When your application calls send(), it's a system call. This is a crucial context switch: the CPU flips from user mode to kernel mode. Your application's data is copied from its user-space memory buffers into kernel-space buffers (think sk_buff in Linux). This copy is vital; the kernel can't trust user-space pointers to remain valid.

Now, within the kernel's TCP/IP stack, the transformation begins. The data needs to be wrapped in a TCP header. This isn't just any wrapper; it's a meticulously crafted 20-byte (minimum) structure that dictates the segment's entire journey.

Anatomy of a Traveler: The 20-Byte (Minimum) TCP Header

This header is like the segment's passport and shipping manifest, all rolled into one. Let's dissect it, field by field, understanding how the kernel populates and uses them.

1. Source Port (16 bits) and Destination Port (16 bits): The Digital Addresses

  • Story: Think of your server application. When it started, it bind()-ed to a specific port (e.g., 443 for HTTPS). This port number is its unique address within the server (identified by its IP address). The Source Port is this "return address." The Destination Port is the port number of the application on the receiving machine it wants to talk to.
  • Under the Hood: The kernel maintains a table of active ports and the processes associated with them. When your segment is being crafted, the kernel plucks the source port associated with the sending socket and looks up the destination port agreed upon during the connection setup (the TCP handshake). These 16-bit numbers allow up to 65,535 possible ports – a bustling city of potential communication endpoints on any machine.

2. Sequence Number (32 bits): The "Page Number" of Your Data Stream

  • Story: TCP guarantees ordered delivery. But networks are chaotic; packets can take different routes, get delayed, or arrive out of order. Imagine sending a multi-volume epic novel one page at a time. Without page numbers, reassembling it would be a nightmare! The Sequence Number is that page number. It tells the receiver the byte position in the overall data stream where this segment's payload begins.
  • Under the Hood: For a new connection, the Initial Sequence Number (ISN) is chosen pseudo-randomly by the kernel (a security measure to prevent connection hijacking). For subsequent segments, the kernel meticulously increments this number by the number of bytes sent in the previous segment's payload. This 32-bit field allows for a massive 4GB of byte numbering before it wraps around – usually more than enough for most connections.
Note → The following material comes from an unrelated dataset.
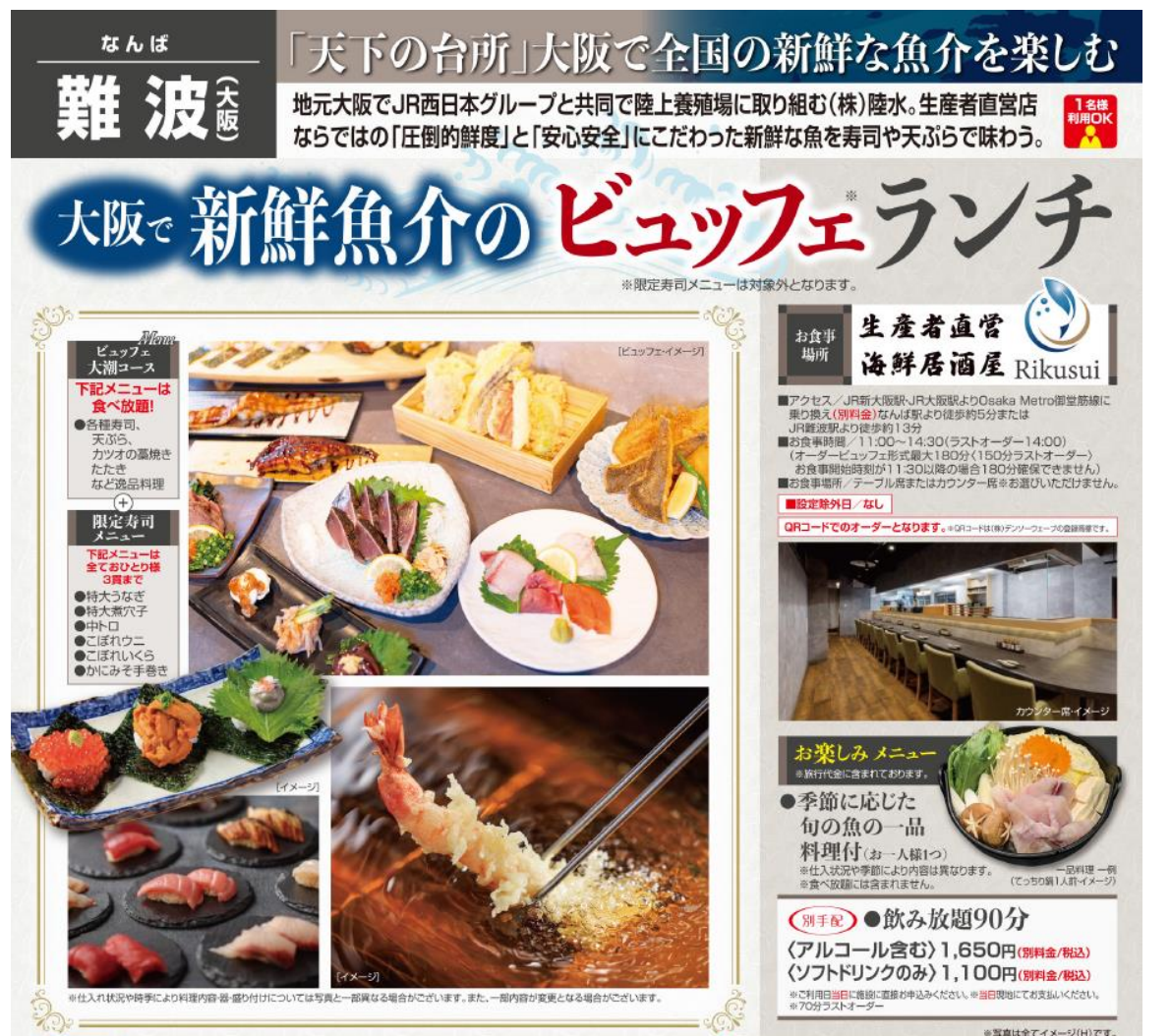 陸上養殖事業で当社と資本業務提携している(株)陸水と、JR西日本、(株)日本旅行、当社の4社が連携し、(株)陸水が運営する「生産者直営海鮮居酒屋Rikusui」が「秋の駅プラン」に登場します。駅プランならではの特別価格はもちろん、全国から選りすぐり圧倒的鮮度にこだわった鮮魚をビュッフェ形式で味わえるコースメニューに加え、旬の秋冬商材を使用したプラン限定の一品料理を提供予定です!

3. Acknowledgment Number (ACK Number) (32 bits): The "Got It, Send Next!"

  • Story: This is the receiver's way of saying, "I've successfully received all data up to byte X, and I'm now expecting the segment that starts with byte X+1." It's the backbone of TCP's reliability. If the sender doesn't get an ACK for a segment, it knows something went wrong and resends.
  • Under the Hood: When the kernel on the receiving end gets a segment, it checks the Sequence Number. If it's the one it's expecting, it processes the data, then prepares an ACK segment to send back. The ACK number it puts in this response is the next sequence number it expects. This field is only valid if the ACK flag (see below) is set.

4. Data Offset (Header Length) (4 bits): "My Header is This Big"
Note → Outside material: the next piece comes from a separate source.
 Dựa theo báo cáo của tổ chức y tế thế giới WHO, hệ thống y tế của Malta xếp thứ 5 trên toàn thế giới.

  • Story: The TCP header is at least 20 bytes, but it can be larger if TCP options (like MSS or SACK) are included. This 4-bit field tells the receiver how many 32-bit words (4-byte chunks) are in the header. So, a value of 5 here means 5 * 4 = 20 bytes. If it's 6, it means 24 bytes.
  • Under the Hood: The kernel calculates this based on whether any TCP options are being added to this specific segment. The receiver's kernel uses this to know exactly where the actual application payload begins in the segment.
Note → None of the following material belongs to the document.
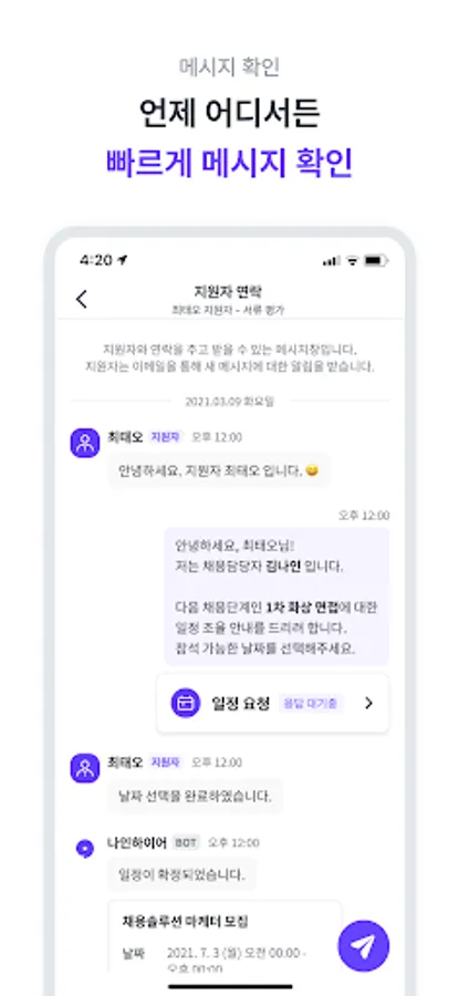 언제 어디서든 실시간을 지원자를 관리하고
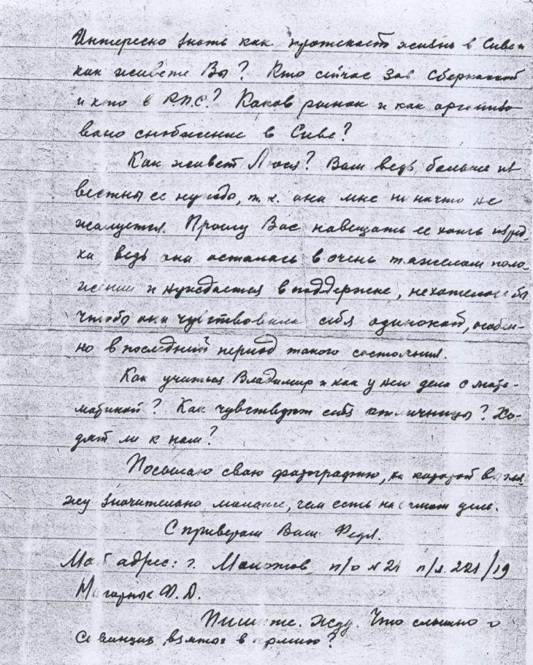« Я все еще не там , где следовало бы быть . В такие грозные дни . Очевидно , буду там в дни разгрома фашистских гадов , которые приближаются с каждым часом . До ноября месяца был начальником штаба дивизионного , а сейчас исполняю должность командира дивизии ( это 1/3 полка ). Мой дивизион – учебный , т . е . готовит кадры младших командиров . Работы много и времени можно сказать не хватает . Бытовые и материальные условия хорошие ».

5. Reserved (3 bits): "For Future Use, Do Not Touch!"

  • Story: These bits are set aside for future protocol enhancements. For now, they must be zero.
  • Under the Hood: The kernel simply sets these to zero.

6. Flags (9 bits): The Control Panel Switches

  • Story: These are single-bit switches that signal important events or states. Think of them as urgent instructions to the receiving TCP stack.
    • NS (1 bit): ECN-nonce concealment protection (experimental).
    • CWR (1 bit): Congestion Window Reduced – the sender indicates it has reduced its sending rate.
    • ECE (1 bit): ECN-Echo – indicates the TCP peer is ECN capable and that a congestion event was received.
    • URG (1 bit): Urgent Pointer field is significant. Tells the receiver that some "urgent" data exists. The kernel on the receiving side might signal the application (e.g., with SIGURG).
    • ACK (1 bit): Acknowledgment Number field is valid. Almost all segments after the initial SYN will have this set.
    • PSH (1 bit): Push Function. Tells the receiver to push the data to the application layer immediately, rather than waiting for its internal buffers to fill. The sending kernel might set this if the application used a flag like MSG_EOR or when its send buffer is flushed.
    • RST (1 bit): Reset the connection. An abrupt termination. "Something is irrevocably broken, let's tear down this connection NOW." The kernel sends this if it receives a segment for a non-existent connection or if a fatal error occurs. No cleanup, just boom, gone. Registers holding connection state are cleared, kernel memory for buffers is reclaimed.
    • SYN (1 bit): Synchronize sequence numbers. Used to initiate a connection (the first packet in the three-way handshake). "Hi, I'd like to connect, my starting sequence number is X." The kernel allocates resources (memory for connection state tables, buffers) when it sends or receives a SYN.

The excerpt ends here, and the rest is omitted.